:: Records supplied ::

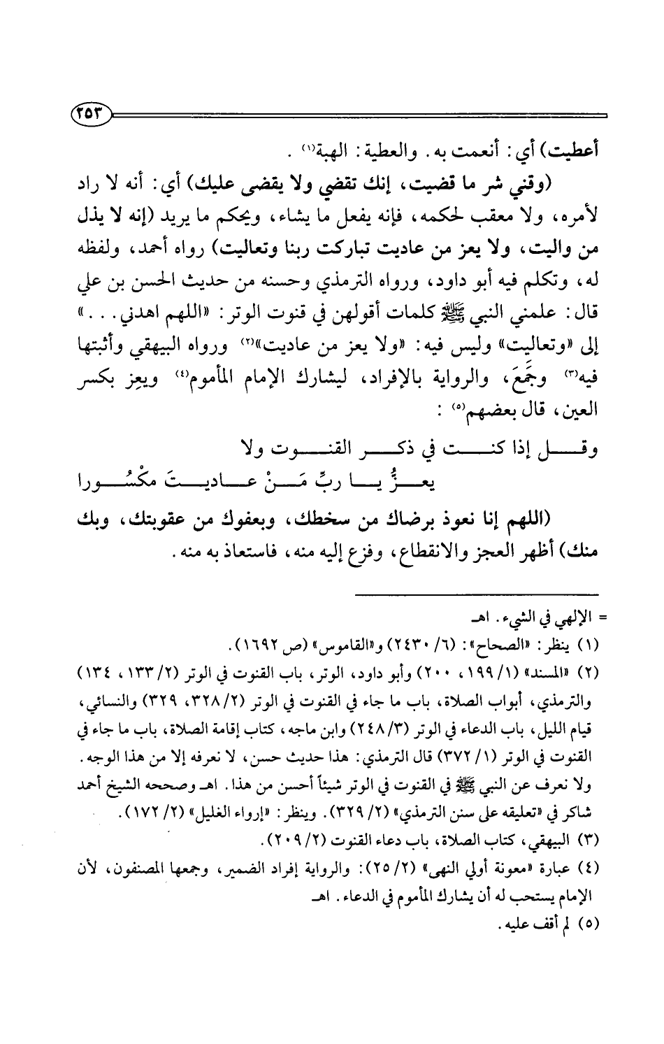(¬2) "المسند" (1/ 199، 200) وأبو داود، الوتر، باب القنوت في الوتر (2/ 133، 134) والترمذي، أبواب الصلاة، باب ما جاء في القنوت في الوتر (2/ 328، 329) والنسائي، قيام الليل، باب الدعاء في الوتر (3/ 248) وابن ماجه، كتاب إقامة الصلاة، باب ما جاء في القنوت في الوتر (1/ 372) قال الترمذي: هذا حديث حسن، لا نعرفه إلا من هذا الوجه. ولا نعرف عن النبي -صلى اللَّه عليه وسلم- في القنوت في الوتر شيئًا أحسن من هذا. اهـ وصححه الشيخ أحمد شاكر في "تعليقه على سنن الترمذي" (2/ 329). وينظر: "إرواء الغليل" (2/ 172).
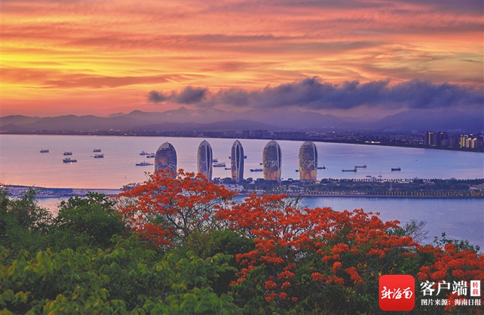 在鹿回頭風景區遠眺三亞城市傍晚景色。豐收 攝
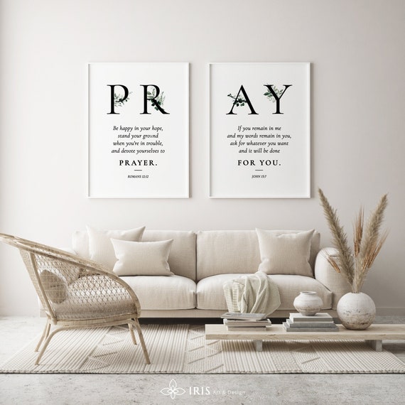 Pray Bible Verse Wall Art Set Scripture Set of 2 Modern | Etsy
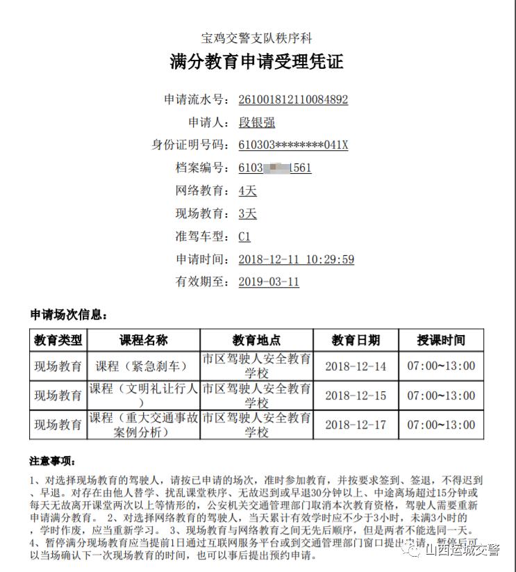 (2)申请成功后,参加教育有效期3个月,可以通过窗口提出1次延期申请,申请后延期3个月。有效期内未完成教育的,教育记录作废,需重新申请满分教育。
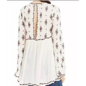 Free People Diamond Embroidered Peasant Long Sleeve Tunic Dress Top Size Medium
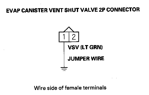 15. Connect EVAP canister vent shut valve 2P connector terminal No. 1 to body ground with a jumper wire.
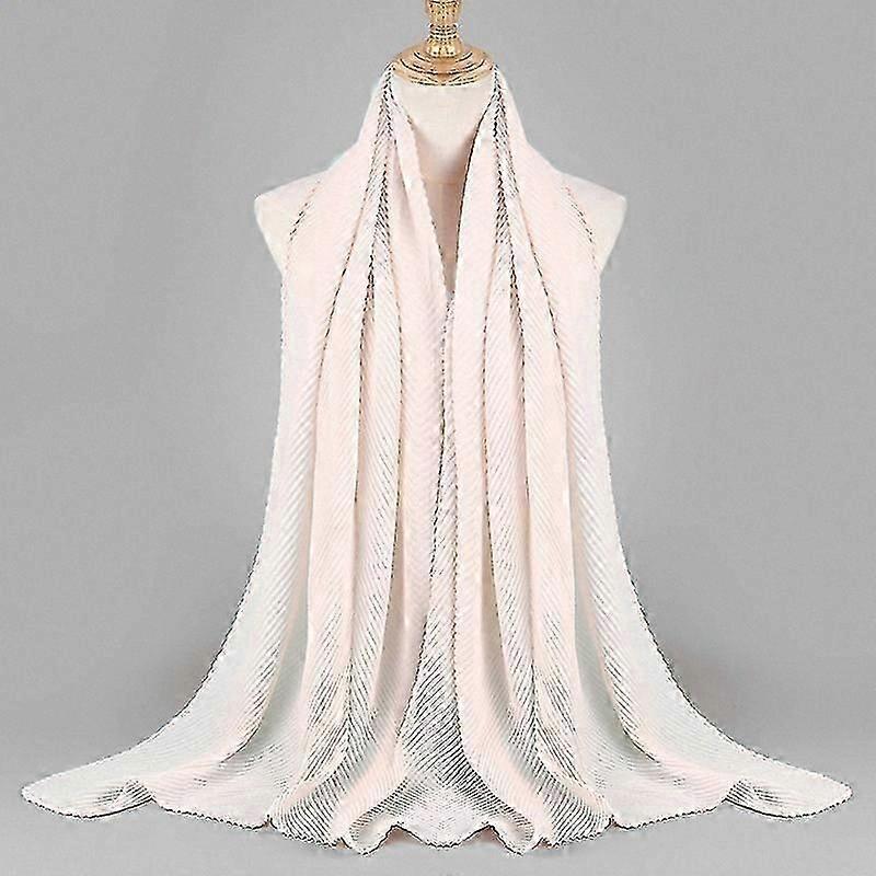 Stylish Twill Pleated Scarf, Cotton Linen Blend Headscarf for Women, Emed Design Fashion Accessory
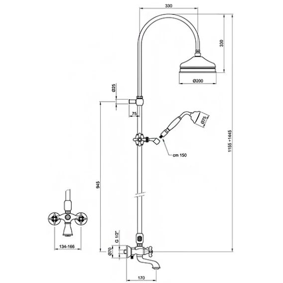 Аэратор, Металлическая розетка, Эксцентрики, Душевой шланг, Душевая лейка, Держатель для душевой лейки, Верхний душ, Смеситель, Кронштейн, Штанга душевая
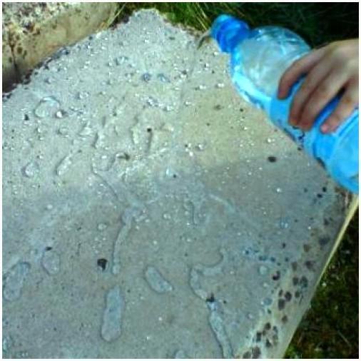 На фото ниже — камень, обработанный гидрофобизатором. Видно невооруженным глазом, как на него воздействует вода — поверхность ее отталкивает!
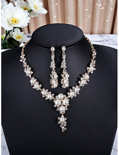 Damen Perlen- und Strass-Halsketten-Ohrring-Set, eleganter Vintage-Schmuck für Gatsby-Bälle, Hochzeiten &Abendpartys
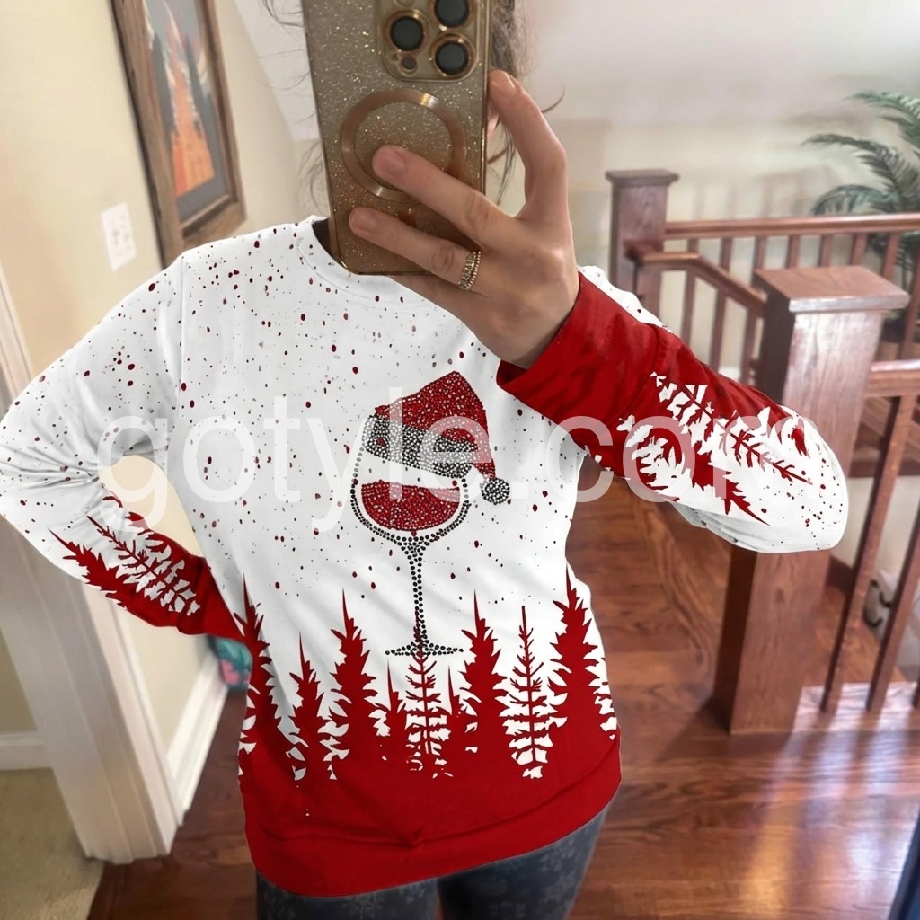 Bottoms up with this vibrant Christmas top featuring a sparkling printed tipsy red wine glass and Santa hat, making it perfect for wearing to any holiday party. Spread the cheer near and dear with red pine trees/Christmas trees in a silhouette, accentuating this super-cute design. Long sleeves and a waist-length fit keep you cozy.
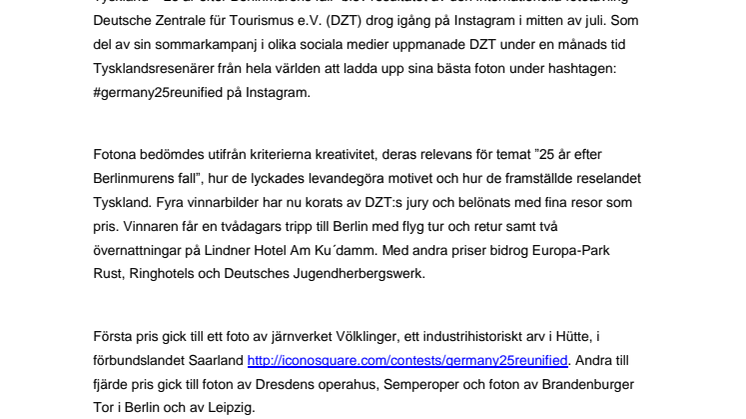 Fler än 4000 foton på temat “Min sommarsemester i Tyskland – 25 år efter Berlinmurens fall” blev resultatet av den internationella fototävling Deutsche Zentrale für Tourismus e.V. (DZT) drog igång på Instagram i mitten av juli. Som del av sin sommarkampanj i olika sociala medier uppmanade DZT under en månads tid Tysklandsresenärer från hela världen att ladda upp sina bästa foton under hashtagen: #germany25reunified på Instagram.
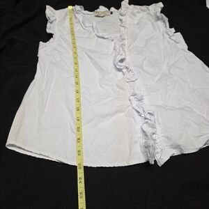 Discover timeless elegance with this chic white blouse, featuring delicate ruffle accents. A versatile addition to any wardrobe.
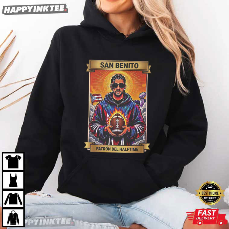 Whether you lived every beat of his chart-topping hits or cheered as he brought vibrant Latin identity to the heart of American pop culture, this Benito Bowl shirt is more than an outfit — it’s a symbol of pride, unity, and celebration.
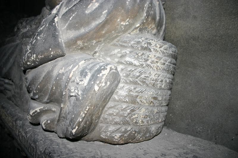 POP | Plateforme ouverte du patrimoinedalle funéraire (gisant), détail, personnage situé au pied du gisant
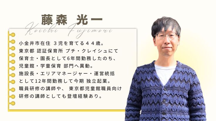 民間企業の保育士として、小金井プチクレイシュ、西国分寺プチクレイシュ(園長)、国分寺市立しんまち児童館(館長)、国分寺市立にしまち児童館(館長)など、小金井・国分寺エリアでは約10年ほど勤務してきました。
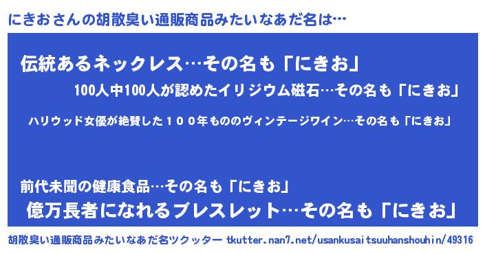 | 意味不明あだ名 | 『住所不定無職にきお(9歳)』 |
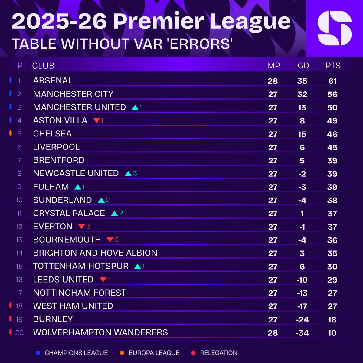 虎扑03月03日讯根据Squawka统计,英超联赛本赛季如果VAR没有“误判”,那么当前的积分排名将会发生一些变化。以下是第28轮比赛后如果英超没有VAR误判的排名:
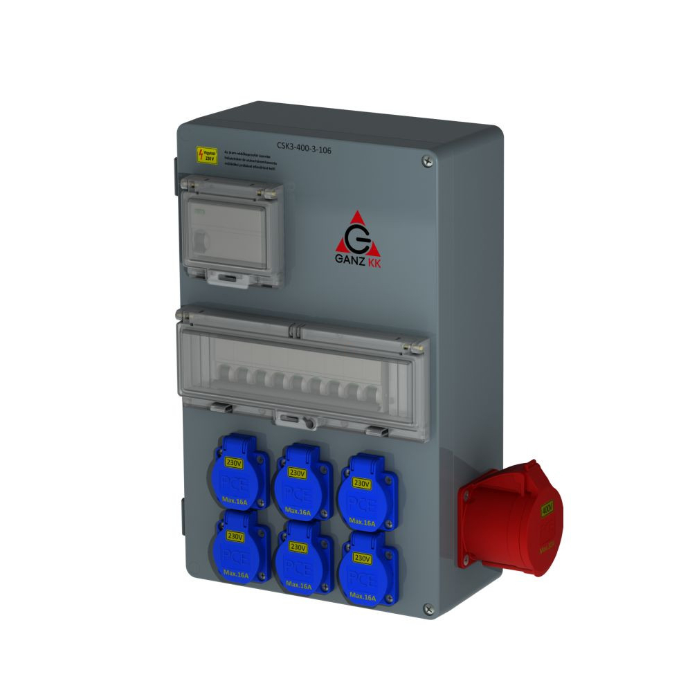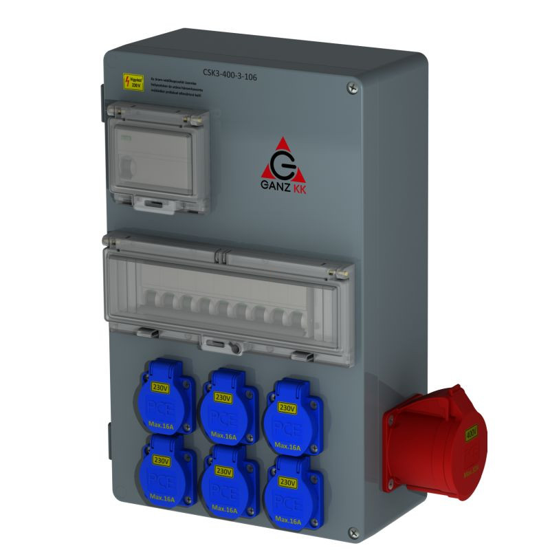 CSK3-400-3-106-32 Csatlakozó kombináció teljes védelemmel 1db 5P 32A, 6db 2P+N 16A 32A, 4113-4-310632 Ganz
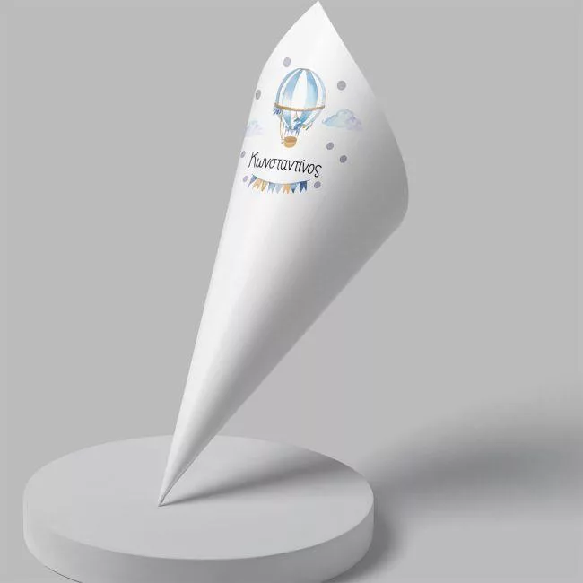 Paper candy cones Watercolor balloon with name, blue
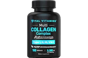 Vital Vitamins Multi Collagen Complex – Type I, II, III, V, X, Grass Fed, Non-GMO, 150 Capsules
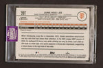 Autographed by Jung Hoo Lee himself, this card holds an authentic signature that brings it to life. You can almost hear the crack of the bat and the roar of the crowd as you hold this piece of sporting history in your hands. This is not just a card, but a tangible piece of Lee's early career, a memento of his rookie year with the San Francisco Giants.

:::

What needs to be done >>
Print the data above exactly, minus pictures.

Response to this task >>
(¬2) "المسند" (1/ 199، 200) وأبو داود، الوتر، باب القنوت في الوتر (2/ 133، 134) والترمذي، أبواب الصلاة، باب ما جاء في القنوت في الوتر (2/ 328، 329) والنسائي، قيام الليل، باب الدعاء في الوتر (3/ 248) وابن ماجه، كتاب إقامة الصلاة، باب ما جاء في القنوت في الوتر (1/ 372) قال الترمذي: هذا حديث حسن، لا نعرفه إلا من هذا الوجه. ولا نعرف عن النبي -صلى اللَّه عليه وسلم- في القنوت في الوتر شيئًا أحسن من هذا. اهـ وصححه الشيخ أحمد شاكر في "تعليقه على سنن الترمذي" (2/ 329). وينظر: "إرواء الغليل" (2/ 172).
 在鹿回頭風景區遠眺三亞城市傍晚景色。豐收 攝
 Pray Bible Verse Wall Art Set Scripture Set of 2 Modern | Etsy
 (2)申请成功后,参加教育有效期3个月,可以通过窗口提出1次延期申请,申请后延期3个月。有效期内未完成教育的,教育记录作废,需重新申请满分教育。
 Free People Diamond Embroidered Peasant Long Sleeve Tunic Dress Top Size Medium
 15. Connect EVAP canister vent shut valve 2P connector terminal No. 1 to body ground with a jumper wire.
 Stylish Twill Pleated Scarf, Cotton Linen Blend Headscarf for Women, Emed Design Fashion Accessory
 Аэратор, Металлическая розетка, Эксцентрики, Душевой шланг, Душевая лейка, Держатель для душевой лейки, Верхний душ, Смеситель, Кронштейн, Штанга душевая
 На фото ниже — камень, обработанный гидрофобизатором. Видно невооруженным глазом, как на него воздействует вода — поверхность ее отталкивает!
 Damen Perlen- und Strass-Halsketten-Ohrring-Set, eleganter Vintage-Schmuck für Gatsby-Bälle, Hochzeiten &Abendpartys
 Bottoms up with this vibrant Christmas top featuring a sparkling printed tipsy red wine glass and Santa hat, making it perfect for wearing to any holiday party. Spread the cheer near and dear with red pine trees/Christmas trees in a silhouette, accentuating this super-cute design. Long sleeves and a waist-length fit keep you cozy.
 Fler än 4000 foton på temat “Min sommarsemester i Tyskland – 25 år efter Berlinmurens fall” blev resultatet av den internationella fototävling Deutsche Zentrale für Tourismus e.V. (DZT) drog igång på Instagram i mitten av juli. Som del av sin sommarkampanj i olika sociala medier uppmanade DZT under en månads tid Tysklandsresenärer från hela världen att ladda upp sina bästa foton under hashtagen: #germany25reunified på Instagram.
 Discover timeless elegance with this chic white blouse, featuring delicate ruffle accents. A versatile addition to any wardrobe.
 Whether you lived every beat of his chart-topping hits or cheered as he brought vibrant Latin identity to the heart of American pop culture, this Benito Bowl shirt is more than an outfit — it’s a symbol of pride, unity, and celebration.
 POP | Plateforme ouverte du patrimoinedalle funéraire (gisant), détail, personnage situé au pied du gisant
 民間企業の保育士として、小金井プチクレイシュ、西国分寺プチクレイシュ(園長)、国分寺市立しんまち児童館(館長)、国分寺市立にしまち児童館(館長)など、小金井・国分寺エリアでは約10年ほど勤務してきました。
 | 意味不明あだ名 | 『住所不定無職にきお(9歳)』 |
 虎扑03月03日讯根据Squawka统计,英超联赛本赛季如果VAR没有“误判”,那么当前的积分排名将会发生一些变化。以下是第28轮比赛后如果英超没有VAR误判的排名:
 CSK3-400-3-106-32 Csatlakozó kombináció teljes védelemmel 1db 5P 32A, 6db 2P+N 16A 32A, 4113-4-310632 Ganz
 Paper candy cones Watercolor balloon with name, blue
 Vital Vitamins Multi Collagen Complex – Type I, II, III, V, X, Grass Fed, Non-GMO, 150 Capsules
 Autographed by Jung Hoo Lee himself, this card holds an authentic signature that brings it to life. You can almost hear the crack of the bat and the roar of the crowd as you hold this piece of sporting history in your hands. This is not just a card, but a tangible piece of Lee's early career, a memento of his rookie year with the San Francisco Giants.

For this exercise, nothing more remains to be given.